Final report issued on the Opal Tower

After an initial draft interim report which was released in January, the Office of Planning & Environment has completed a final report on the causes of dual evacuations in late December last year.

At the request of the Hon. Anthony Roberts, Minister for Planning and Housing, an investigation was carried out into the causes of structural damage to the Opal Tower in Sydney Olympic Park, which was first observed in late December 2018.

The first report stated that the Opal Tower was overall structurally sound and was not in any apparent danger of collapse, with significant repairs required to strengthen damaged hob beams and panels in the building.
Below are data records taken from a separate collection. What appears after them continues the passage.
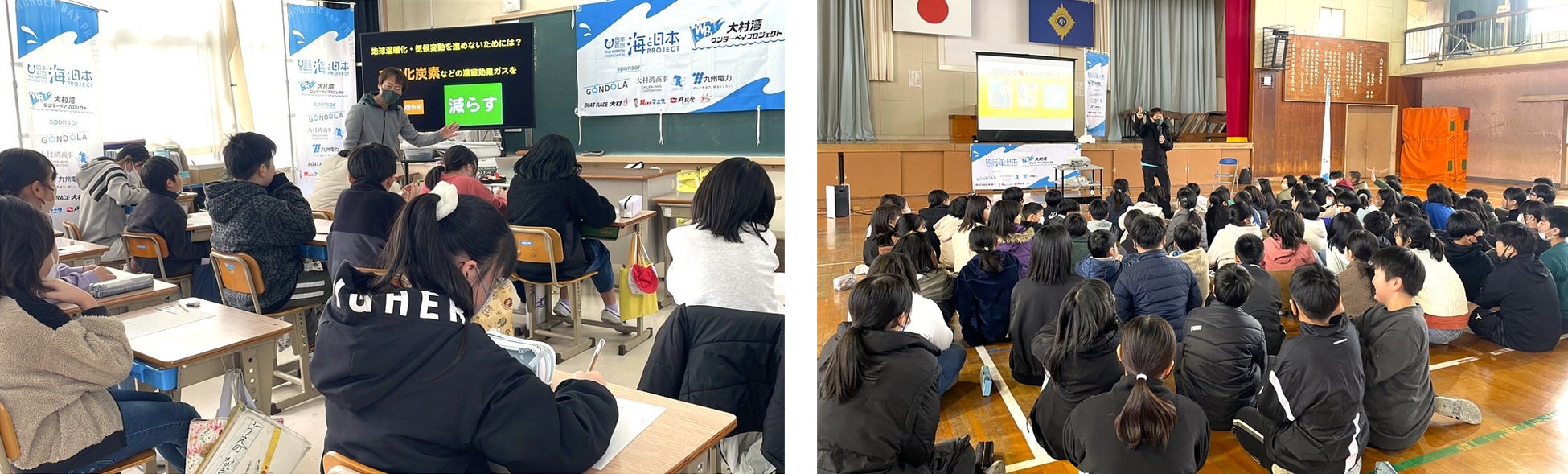 2024年12月に長崎大学水産学部と連携して行った「大村湾調査2024」の調査結果を基に、海藻と海の関わり、海で起きている問題や温暖化について、長崎県内の小学校5校の子どもたちが学びました。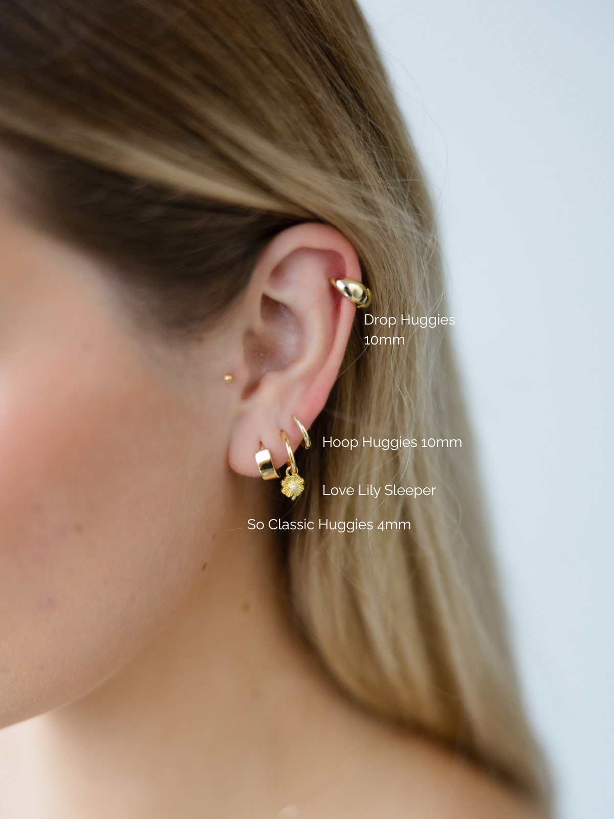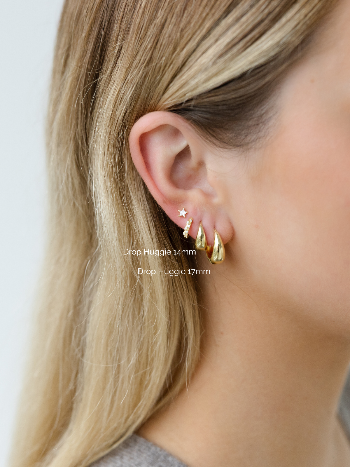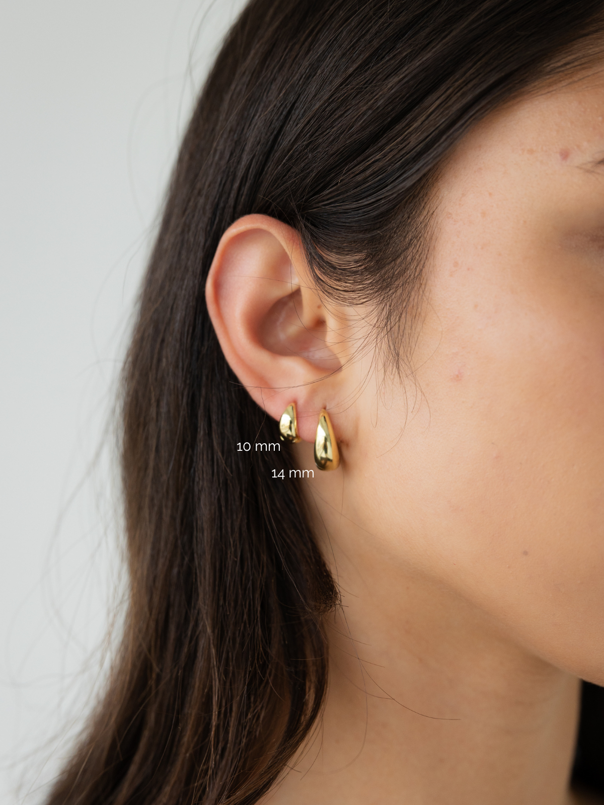 Minimal huggies with a smooth drop shape. Stack or wear solo, crafted to last.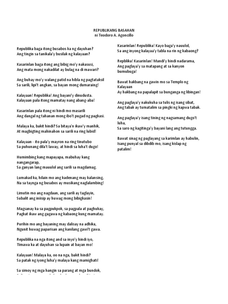 Republika baga itong busabos ka ng dayuhan? Sa ang inyong kalayaa'y tabla na rin ng kabaong?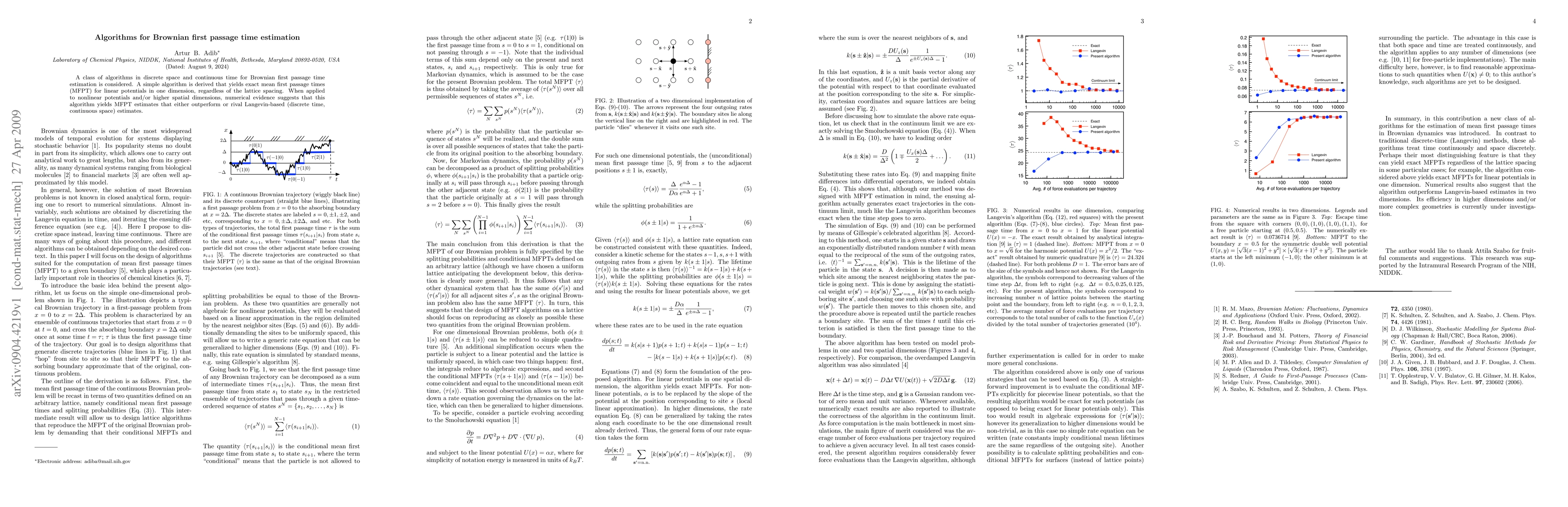A new algorithm accurately estimates Brownian first passage times for linear potentials in 1D, outperforming existing methods in higher dimensions.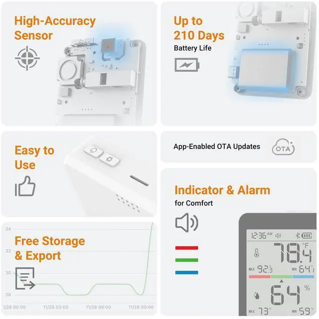 Your Indoor Climate Guardian: Swiss Precision Sensor, Extended Battery Life, App Connectivity, and More.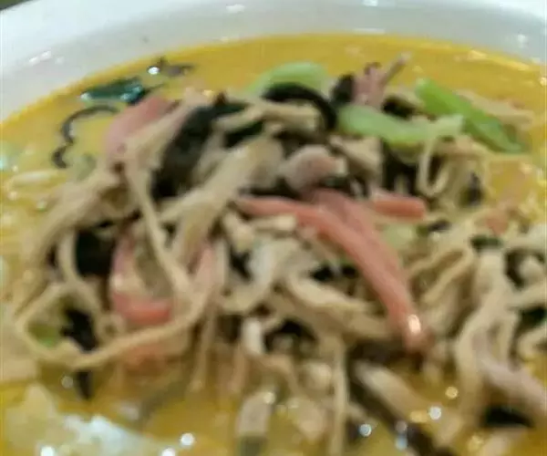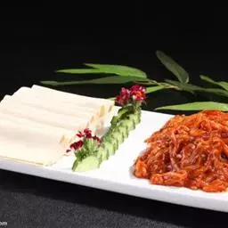 【典故】“扬州好,茶社客堪邀。加料千丝堆细缕,熟铜烟袋卧长苗,烧酒水晶肴。” 上为清代惺庵居士《望江南》词,形象生动地描绘了清代扬州的居民品尝“加料干丝”的情景,颇似一幅生动的风俗画。淮扬菜中豆腐制品花色品种极多,“大煮干丝”又称“鸡汁煮干丝”,风味之美,历来被推为席上美馔。清代乾隆皇帝六下江南,扬州地方官员曾呈上“九丝汤”以“宠媚乾隆”。“九丝汤”系用干丝外加火腿丝、笋丝、银鱼丝、木耳丝、口蘑丝、紫菜丝、蛋皮丝、鸡丝烹调而成,有时还外加海参丝、蛭干丝或燕窝丝。又因豆腐干本身滋味很薄,要想入味,必需借用滋味鲜醇的鸡汁,多种佐料的鲜香味经过烹调,复合到豆腐干丝里,吃起来爽口开胃,异常珍美,令人食之不厌。现今大煮干丝,比之“九丝汤”,已有了很大发展,以干丝、鸡丝为主,干丝洁白,外加鲜虾仁,缀以各种配料,称为什锦干丝,色彩美观,其味更鲜。 “大煮干丝”刀工要求极为精细,“鸾刀应俎,霍霍霏霏”,一块白干,厨师经加工可片成18片,切出的干丝不仅整齐、均匀,而且其粗细不能超过火柴杆。大煮干丝的佐料还要求按季节不同而有变化,春季,旧时用竹蛏入味,以海鲜增味;夏季宜脆,用脆膳丝与干丝同煮,使菜肴干香味爽;秋季用蟹黄,汤汁金黄,鲜味浓重;冬季宜用野蔬,娇嫩翠绿,色彩和谐,增色添香。大煮干丝不仅誉满全国,而且被国外来宾誉之为“东亚名肴”。

With multiple visits to the tower and inspections by engineering teams, the main focus on the investigation was on the garden area in the slot of Level 10, where initial concerns came from residents who claimed complained about loud creaking noises.

The intermin report also questioned the structural integrity of various elements on Levels 3, 4, 9, 10, 16, 26 and the basement level B3.

After a thorough inspection of these levels, the report indicated that possible environmental factors, poor construction materials, issues with foundations, flaws in design and poor quality workmanship could all have been factors in the creaking noises.

These findings came with much anguish to residents who had been forced to evacuate numerous times over the Christmas holidays, as well as facing property devaluation of almost fifty per cent.

The final report which was released on Feb 19, stated the following as definite causes of damage to the Opal Tower:

  1. The as-constructed hob beam/panel assembly was under-designed, according to the National Construction Code (NCC) and the Australian Standard for Concrete Structures (AS36001), at a number of locations in the building.
  2. This left the hob beams susceptible to failure by shear compression and bursting. The decision, taken after the initial design, to grout only partially the joints between the hob beams and panels, significantly raised the levels of stress in the hob beams on levels 4, 10, 16 and 26.
  3. Construction and material deficiencies likely precipitated the observed major damage to hob beams on Level 10 C (electrical conduit and reinforcing steel in the cover region, and a panel repair) and Level 4-A (lower strength concrete than used in hobs elsewhere and partial grout coverage).
  4. The observed damage in the concrete panel at Level 10 and in the Level 10 floor slab was likely a consequence of the adjacent hob beam failures and not the original cause of the damage observed at Level 10.

Appropriate preparation work will now take place to ensure that the building is safe for residents. This includes the replacement of damaged hob beans to provide the required load carrying capacity.

The report also indicates that all designs and construction associated with the repairs will need to be checked and certified as safe by qualified independent structural engineers, before the re-occupation of residents.

Recommendations on avoiding this type of incident in the future included the creation of a government ‘Registered Engineers’ database as well as an independent third party checking system.  The report also calls for a ‘Building Structure Review Board’ with the focus on establishing facts relating to structural damage from design and construction.